“Fellow Americans, we begin bombing in five minutes.”


24 years ago today, towards the end of the cold war, someone smuggled a recording of a voice test by then president Ronald Reagan to the outside world.

The soundbite is now commonly referred to as Reagan’s “We begin bombing in five minutes” joke[1] and ran like this:

My fellow Americans, I’m pleased to tell you today that I’ve signed legislation that will outlaw Russia forever. We begin bombing in five minutes.

On hearing the news, a leading Parisian newspaper expressed its dismay, and stated that only trained psychologists could know whether Reagan’s remarks were “a statement of repressed desire or the exorcism of a dreaded phantom.”


Reagan’s gaffe was sampled soon afterwards, most notably in 1984 on the appropriately titledWorld Destruction[2] by Time Zone (Laswell, Bambaataa and Lydon) and by Bonzo Goes to Washington, a one-off studio project that released “5 Minutes”[3] (“chopped and channeled by Arthur Russel) in the same year. I have no audio for the latter.

For the vinyl vultures, “World Destruction” is on Celluloid Records, “5 minutes” on Sleeping Bag Records, both cult labels.

“World Destruction” is WMC # 63. Enjoy.

For the record: Reagan was a funny president[4], although he did come over as a religious lunatic when you hear him on his 1984 presidential campaign where he comments on armageddon and mutual assured destruction:

“the biblical prophecies of what would portend the coming of Armageddon and so forth, and the fact that a number of theologians for the last decade or more have believed that this was true, that the prophecies are coming together that portend that.” … “no one knows whether those prophecies mean that Armageddon is a thousand years away or day after tomorrow.
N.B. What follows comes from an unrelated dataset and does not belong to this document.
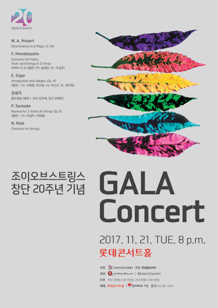 다양하고 참신한 기획 공연과 해외 초청연주로 사랑 받아 온 국내 대표적인 현악앙상블 조이오브스트링스(Joy of Strings)가 창단 20주년을 맞아 11월21일 오후 8시 롯데콘서트홀에서 <창단 20주년 기념 갈라콘서트>를 개최한다.

So I have never seriously warned and said we must plan according to Armageddon.”

4 thoughts on ““Fellow Americans, we begin bombing in five minutes.”

  1. lichanos

    Having suffered through eight years of Reagonzo’s presidency, I can’t say I ever found him funny. He was immensely destructive. And he was a believer in the imminence of the Last Days, although he was more discreet about it than most evangelicals.

  2. lichanos

    Well, Richard Rhodes has written a history of the arms race, The Arsenals of Folly, that actually made me grant a small amount of grudging respect to The Great Communicator. Apparently, Reagan desperately wanted to go down in history as the man who rescued the world from the threat of nuclear destruction. (He actually BELIEVED in his absurd Star Wars scheme.) It was the movie, The Day After, that got him going, much to the chagrin of his cold warrior advisors. They tried everything to get him to refuse to make a deal with Gorbachev, but he did persevere. I’ll grant him that much.